Deep in the Swiss Alps the Lauterbrunnen Valley, or Lauterbrunnental, is a deep cleft cut in the topography running between steep limestone precipices.

The waterfalls that dot the rift often disappear into wisps of spray before hitting bottom, and include Staubbach Falls, one of Europe’s highest unbroken waterfalls at 270 meters.

Get to Lauterbrunnen, the village in the valley, by narrow-gauge train from Interlaken Ost station in the Bernese Highlands.

Lauterbrunnen is a municipality in the Interlaken-Oberhasli administrative district in the canton of Bern in Switzerland.

The municipality lies in the Lauterbrunnen Valley and comprises the villages Lauterbrunnen, Wengen, Mürren, Gimmelwald, Stechelberg, and Isenfluh. The population of the Lauterbrunnen village is less than that of Wengen, but greater than that of the others.

Lauterbrunnen was first mentioned in 1240 as "in claro fonte", a Romance language place name meaning "clear spring". By 1253 it was known to German speakers as Liuterbrunnon which by 1268 had the alternate spelling of Luterbrunnen.
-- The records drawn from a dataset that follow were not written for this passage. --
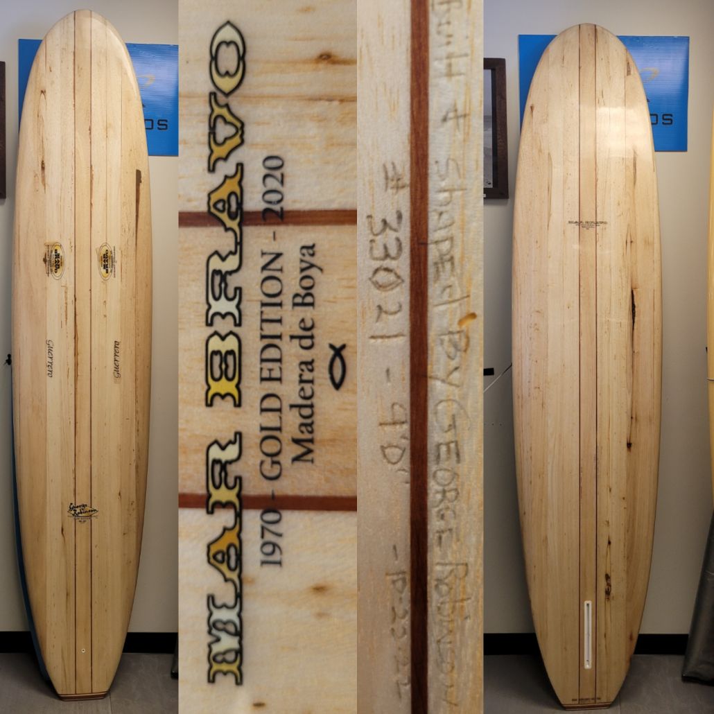 This is a real deal chambered balsa wood longboard by the master George Robinson amazing ride and look strong construction superior glassing gloss polish finish weight is 23.4 pounds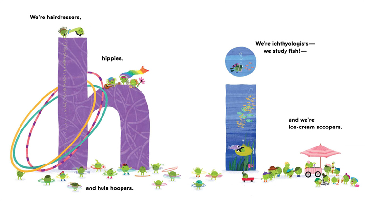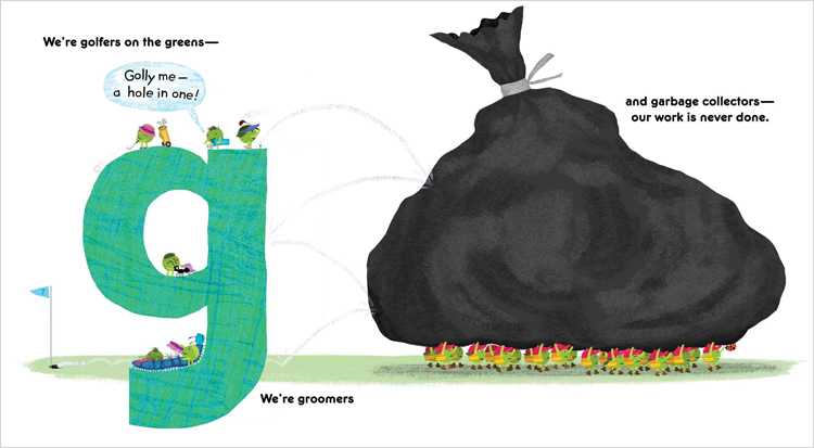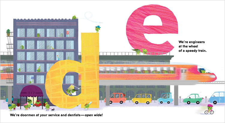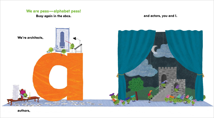 Baker¡¯s industrious pea-ple are back for a fifth tour, this time delivering an A-to-Z look at work and play. Colorful, digitally textured lowercase letters loom large against white space, cleverly integrated into the action. Firefighters use a ladder truck to train a hose on a small fire high atop the letter F. An S - strapped to the roof of a school bus filled with book-toting students - sports a row of saluting soldiers up on top. Among the standard community helpers, from architects to window washers, Baker inserts a bit of whimsy: there are pirates, a queen, and five ¡°X-Peas¡± exhibiting their superpowers. There¡¯s some deliberate, anthropomorphized diversity: a violinist is female (or at least has a ponytail) and uses a wheelchair; one soldier appears female (with hair in a bun), and most work crews have some female peas (so to speak)....there¡¯s fun for kids to discover here - from the vegetable horde¡¯s teeming activities to a ladybug that appears on each double-page spread... |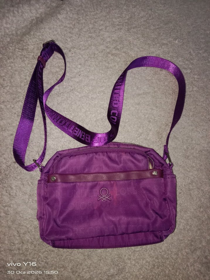 Parlak mor renkte, kemerli tasarıma sahip sentetik kumaştan kadın çapraz çanta. Trendy casual ve athleisure stil için uygundur. ön kısmında hafif bı renk değişikliği var sebebini anlayamadım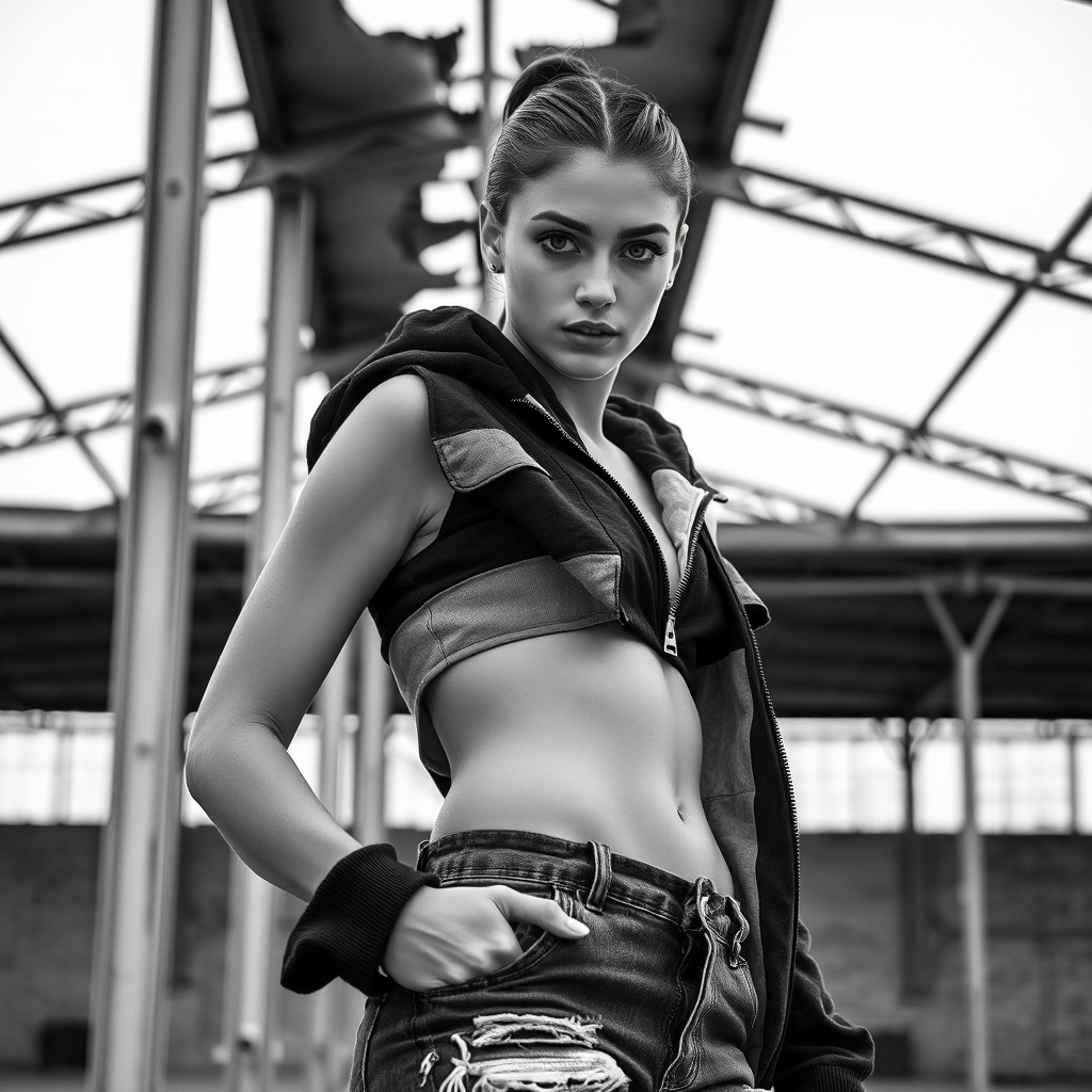 In a striking black and white photograph, a deconstructivist fashion scene unfolds with a distant view of a 24-year-old Fulani-Chechen female swimmer exuding graceful strength and curious wonder. Her sculpted physique showcases firm arms, smooth skin, toned muscles, and defined abs, accompanied by a small, flat chest. Her fair skin, with a natural sheen, gently reflects light and reveals the clarity of her skin pores and texture. Intriguing shield-shaped pale grey eyes, framed by long, elegant eyelashes, gaze outward with a subtle mystery. Curved, bushy eyebrows harmonize with her delicate facial features. She dons a unique ensemble of layered, patchwork hoodies with exposed zippers and a midriff-baring design, paired with distressed jeans sporting uneven cuts. Her body is turned to the side, one hand resting casually in a pocket, artfully composed according to the rule of thirds. In the background, fractured metal columns support a roof, reminiscent of Viviane Sassen's enigmatic style, adding an industrial yet artistic flair to the composition.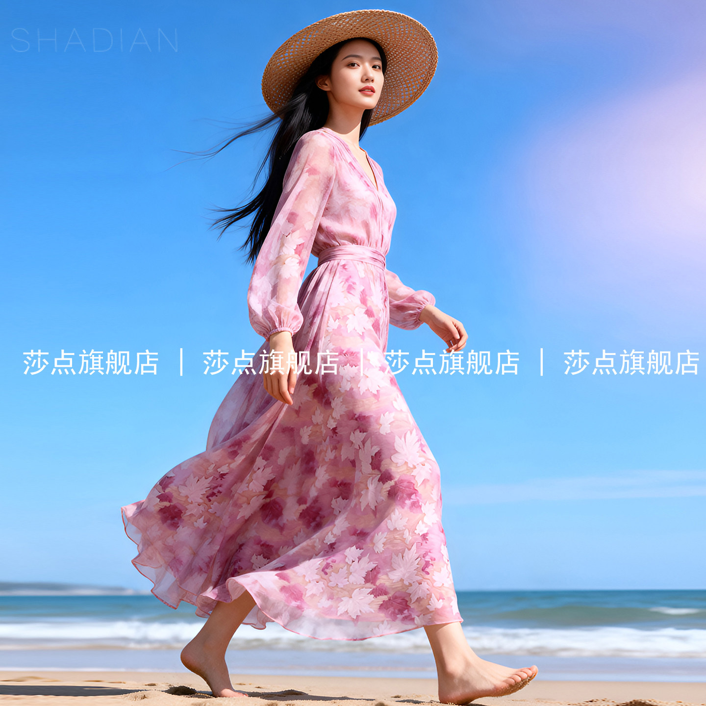 为您提供商品粉色长袖 气质大摆裙长裙海边度假沙滩裙 雪纺碎花连衣裙女2026新款的详细介绍,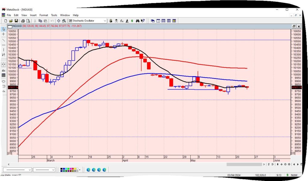 The benchmark NGXASI pulled back, despite resisting decline, to extend its two consecutive sessions of bear-run on a low traded volume and negative market internals in the midst of selling sentiment and position taking in some major sectors and ahead of more corporate earnings inflow. All eyes are still on the Q1 GDP expected to reveal the state of the nation’s economy in the first three months of 2024 and the performance of government’s economic reforms policies so far in the last one year. Macroeconomic indices remain mixed and are, indeed, contracting in the face of continuing foreign exchange market challenges and the high interest rate environment.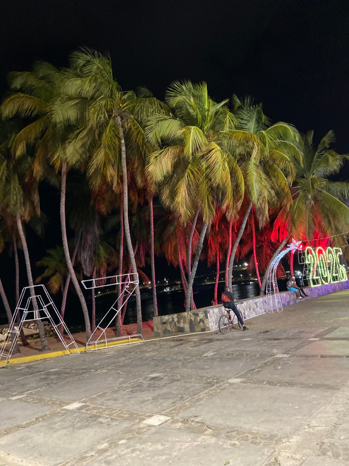 Tall palm trees line a dark waterfront at night, their trunks adorned with red lights. In the background, a bright "2021" display illuminates the scene. A figure on a bicycle is visible along the edge…read more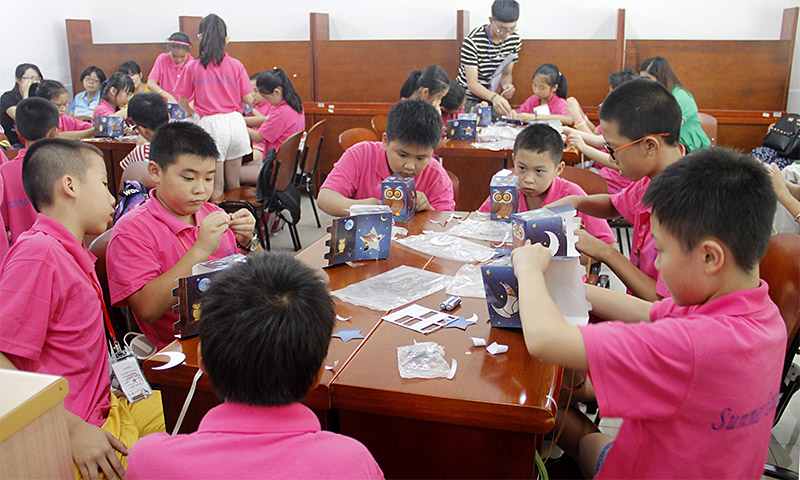【图集】夏令营开放日:小六班制作“眨眼猫头鹰”

While the meaning of brunnen is undoubtedly spring or fountain, there is some dispute about the meaning of lauter: Some translate it as clear, clean or bright (which compares to the earlier Romance language meaning of the place mentioned above) while others translate it as "many" or "louder". A local explanation is that the name Lauterbrunnen means "many springs" using a modern meaning of the word lauter in German: however this could be an example of a folk etymology.

Lauterbrunnen lies at the bottom of a U-shaped valley that extends south and then south-westwards from the village to meet the 8 kilometers (5.0 mi) Lauterbrunnen Wall. The Lauterbrunnen Valley (Lauterbrunnental) is one of the deepest in the Alpine chain when compared with the height of the mountains that rise directly on either side. It is a true cleft, rarely more than one kilometre in width, between limestones precipices, sometimes quite perpendicular, everywhere of extreme steepness. It is to this form of the valley that it owes the numerous waterfalls from which it derives its name. The streams descending from the adjoining mountains, on reaching the verge of the rocky walls of the valley, form cascades so high that they are almost lost in spray before they reach the level of the valley. The most famous of these are the Staubbach Falls within less than one kilometres of the village of Lauterbrunnen. The height of the cascade is between 800 and 900 feet (240 and 270 m), one of the highest in Europe formed of a single unbroken fall.